***** Supplied material *****
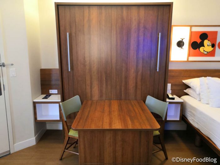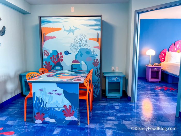 There is a standard room option, themed around The Little Mermaid, but — again — you’re looking at one of the most EXPENSIVE standard room options across the value resorts (with prices that usually sit around $250+ per night). Not only that, but the two queen beds that you’ll find in these rooms take up SO MUCH SPACE all trip long. (Meanwhile, if you stay in one of the recently-renovated value resort rooms at Pop Century or All Star Movies, you’ll have the ability to fold one of those beds up into the wall to transform it into table space during the day (if you need somewhere to eat a quick breakfast or play a card game in the evenings).
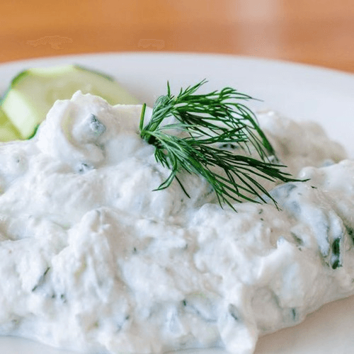 Refreshing Greek yogurt dip with cucumber, garlic & dill.
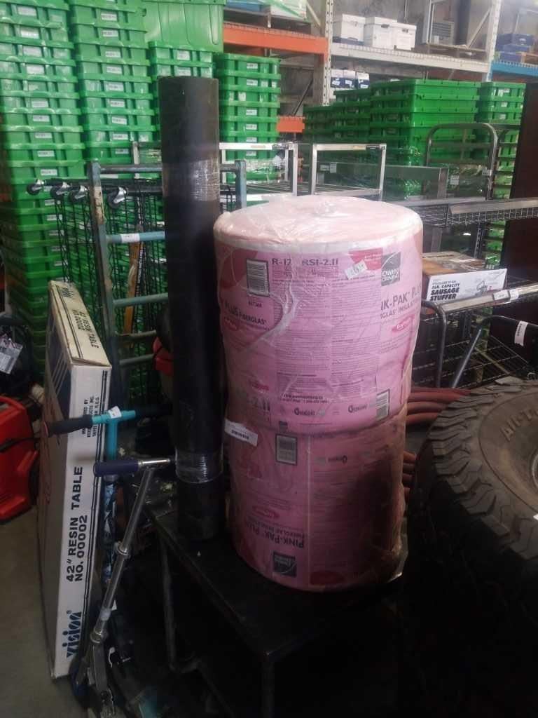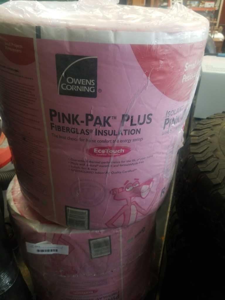 2 ROLLS OF PINK PAK PLUS FIBERGLASS AND ROLL OF CONSTRUCTION PAPER
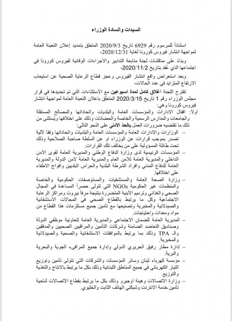 اقترحت لجنة كورونا إغلاقاً عاماً لمدة أسبوعين مع الإستثناءات التي تمّ تحديدها وهي:
*****
### [What is needed]
Every line above should be transcribed word for word; leave the pictures out.

### [Solution to the problem]
 There is a standard room option, themed around The Little Mermaid, but — again — you’re looking at one of the most EXPENSIVE standard room options across the value resorts (with prices that usually sit around $250+ per night). Not only that, but the two queen beds that you’ll find in these rooms take up SO MUCH SPACE all trip long. (Meanwhile, if you stay in one of the recently-renovated value resort rooms at Pop Century or All Star Movies, you’ll have the ability to fold one of those beds up into the wall to transform it into table space during the day (if you need somewhere to eat a quick breakfast or play a card game in the evenings).
 Refreshing Greek yogurt dip with cucumber, garlic & dill.
 2 ROLLS OF PINK PAK PLUS FIBERGLASS AND ROLL OF CONSTRUCTION PAPER
 اقترحت لجنة كورونا إغلاقاً عاماً لمدة أسبوعين مع الإستثناءات التي تمّ تحديدها وهي:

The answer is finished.